The Comforts of a Muddy Saturday by Alexander Mc Call Smith
Alexander Mc Call Smith’s books, whether set in Mma. Ramotswe's Africa or Isabel Dalhousie's Edinburgh, hover sweetly and delicately around their environments like butterflies above a flower. The locations are lovingly rendered and melded seamlessly into the plots. Mma. Ramotswe, the lead character in his Number One Ladies Detective Agency series, is unaware that she is a philosopher. Isabel Dalhousie, the central heroine in The Comforts of a Muddy Saturday is literally a philosopher. She is a funny, self-deprecating, attractive, and financially independent woman, who when not editing her journal called "The Review of Applied Ethics", spends her time nosing about Edinburgh's numerous cafes, galleries, concert halls, and lecture venues. In each waking moment she conducts slyly humorous internal debates on the moral significance of the interactions she is experiencing. These deliberations range from musings on the language development of her infant son and doubts about the friends of the father of her child to the murky levels of truth surrounding the life of a depressed medical doctor whose career has been ruined by accusations of manipulating results in a drug company research project.
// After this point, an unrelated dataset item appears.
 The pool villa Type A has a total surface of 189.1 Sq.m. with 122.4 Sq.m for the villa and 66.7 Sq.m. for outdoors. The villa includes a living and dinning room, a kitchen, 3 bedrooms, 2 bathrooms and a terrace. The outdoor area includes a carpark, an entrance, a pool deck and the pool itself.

Mc Call Smith gives Ms. Dalhousie a reputation for both inserting and being asked to insert herself into other folks' ethical dilemmas, but he also differentiates her from the legions of "gotcha" journalists who seem to be prying only to score media points. He has her say, "It had always struck her as wrong that we should judge ourselves--or, more usually, others--by single acts, as if a single snapshot said anything about what a person had been like over the whole course of his life." How refreshing to acknowledge that most lives are a combination of rights and wrongs. Even more refreshing is the view that you should not be saddled for eternity by a single mistake. Amends are possible and acceptable. Would that today's politicians, who would often have you judge their opponents solely by past associations rather than present programs, might read this book.
As Dalhousie’s interactions with her lover, her infant son, her sister, and the embattled doctor evolve, she becomes painfully aware that she was wrong on just about every judgment she made. The lesson is clear and sobering. Beware of presumption when speculating on feelings and/or motivations in others. "The moral account book (of others), wherever it is-- in some distant metaphysical databank or just in the heart--should never be contemplated, or dwelt upon."
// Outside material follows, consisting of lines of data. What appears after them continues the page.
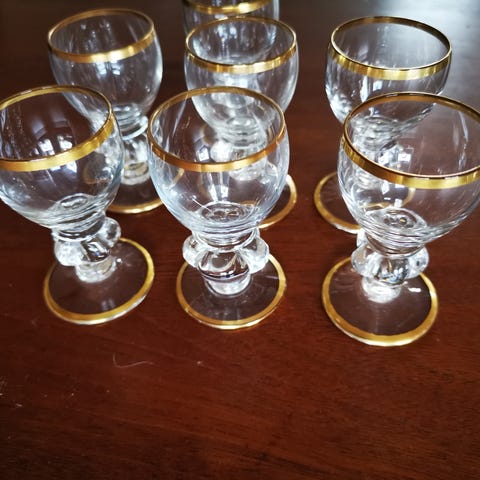 Glas, snapseglas, Gisselfeld fra Holmegård, "Gisselfeld" Snapseglas med guldkant fra Holmegaard.
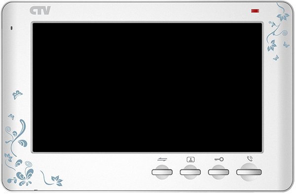 Монитор видеодомофона со сменными передними панелями (серебристый металлик, "шампань", "белый декор"), с кнопочным управлением, встроенный автоответчик, встроенный источник питания. Цвет корпуса - белый.
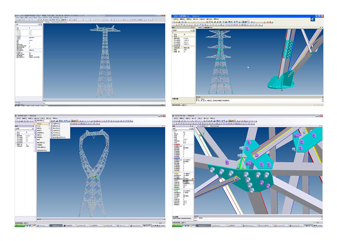 我公司采用《TwSolid塔架式鋼結(jié)構(gòu)三維實體放樣軟件》,完全參數(shù)化設(shè)計,三維互動修改,任意修改控制尺寸、塔材規(guī)格和依存關(guān)系等參數(shù),全塔自動實時跟隨調(diào)整。放樣數(shù)據(jù)準確(所見即所得),模擬了鐵塔的安裝,準確地反映了鐵塔的空間碰撞,及做出正確的切角方案。
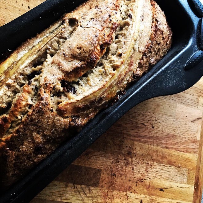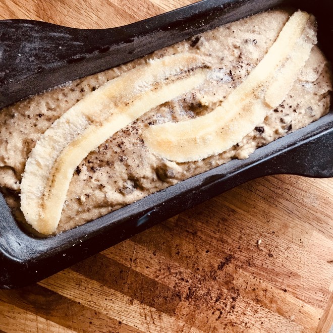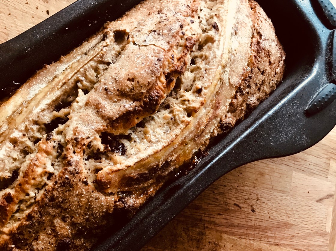 Den Ofen auf 180 Grad Umluft vorwärmen und das Bananenbrot ca. 40 Minuten backen.

The Comforts of a Muddy Saturday ends, as most of the McCall Smith books do, in quiet contemplation of nature. You are left to speculate on the natural world, the simple sowing and planting of seeds, and the wonders of human love. You will not be disappointed in the answers.
(For additional book reviews by Jim De Young check out the web site of the Warren County Public Library in Monmouth, IL)
Do you want an advance look at a new McCall Smith novel? Check it out here.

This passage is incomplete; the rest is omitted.